Как-то раз они зашли в глухую улицу торговой части Лондона. Эта узкая улица была, что называется, очень спокойной, однако в течение недели на ней кипела торговля. Ее обитатели, по-видимому, жили недурно и надеялись со временем зажить еще лучше. Избыток доходов они тратили на украшение лавок, которые действительно казались приветливы и походили на ряд улыбающихся продавщиц. Даже в воскресенье, когда закрывались привлекательные витрины, улица представлялась красивой в сравнении со своими грязными соседками, и сияла, точно огонь в лесу. Она нравилась прохожему заново выкрашенными ставнями своих домов, хорошо вычищенной медной отделкой дверей и окон, вообще чистотой.
Идя по торговой улице в восточном направлении, прохожий мог заметить, что через два подъезда от угла левая линия ее домов прерывалась входом во двор, в глубине которого стояло мрачное, неуклюжее здание. В его фасаде, обращенном к улице, не блестело окон, и была только одна дверь; второй этаж представлял собой глухую, побуревшую от времени стену. Все здание носило на себе следы полного запустения. Входная дверь, без звонка или молота, сильно покоробилась и была покрыта пятнами. В ее нише ютились оборванцы, зажигавшие спички о ее порог; дети играли на ступенях, которые вели к ней; школьник пробовал нож на украшениях стен старого дома, и никто не прогонял этих случайных посетителей и не поправлял следов причиненной ими порчи.

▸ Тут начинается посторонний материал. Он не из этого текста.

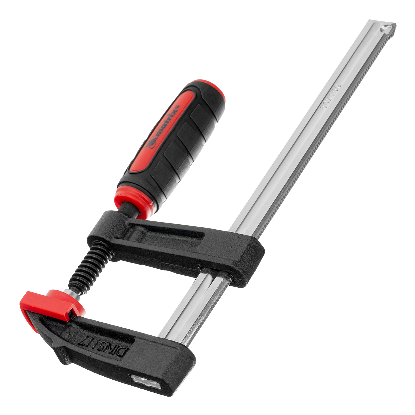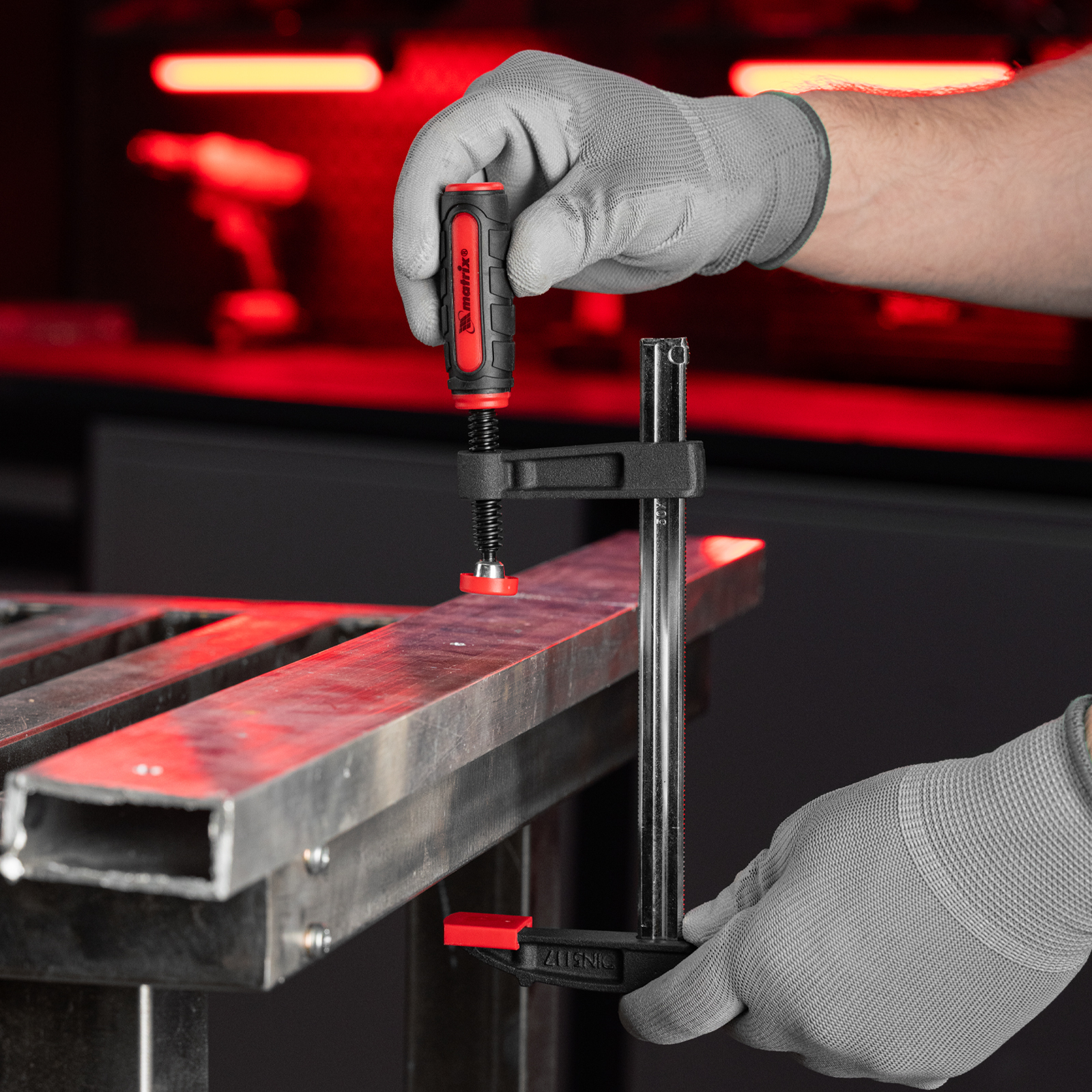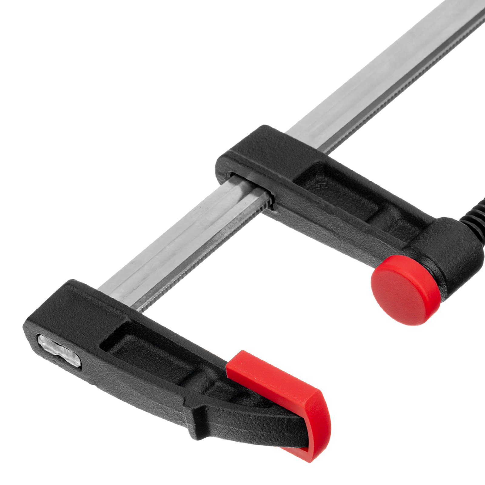 F-образная струбцина Matrix 20402 размером 150 х 50 х 210 мм используется для зажима металлических, деревянных и других заготовок для их последующей обработки или сборки. Представляет собой штангу, на которой установлено 2 кронштейна — неподвижный и подвижный. Деталь помещается между ними и прижимается к губкам при помощи винтового зажима с трапециевидной резьбой. Подвижный кронштейн позволяет регулировать величину захвата, которая может достигать 150 мм. Струбцину применяют для выполнения слесарных и столярных работ.

Мистер Энфильд и адвокат были на другой стороне улицы, но когда они поравнялись со входом во двор, Энфильд указал тростью на мрачный дом и спросил:
– Замечали ли вы когда-нибудь эту дверь?
Утерсон ответил утвердительно, и Энфильд прибавил:
– В моем уме она соединяется с очень странной историей.
– Неужели? – сказал Утерсон слегка изменившимся голосом. – А в чем дело?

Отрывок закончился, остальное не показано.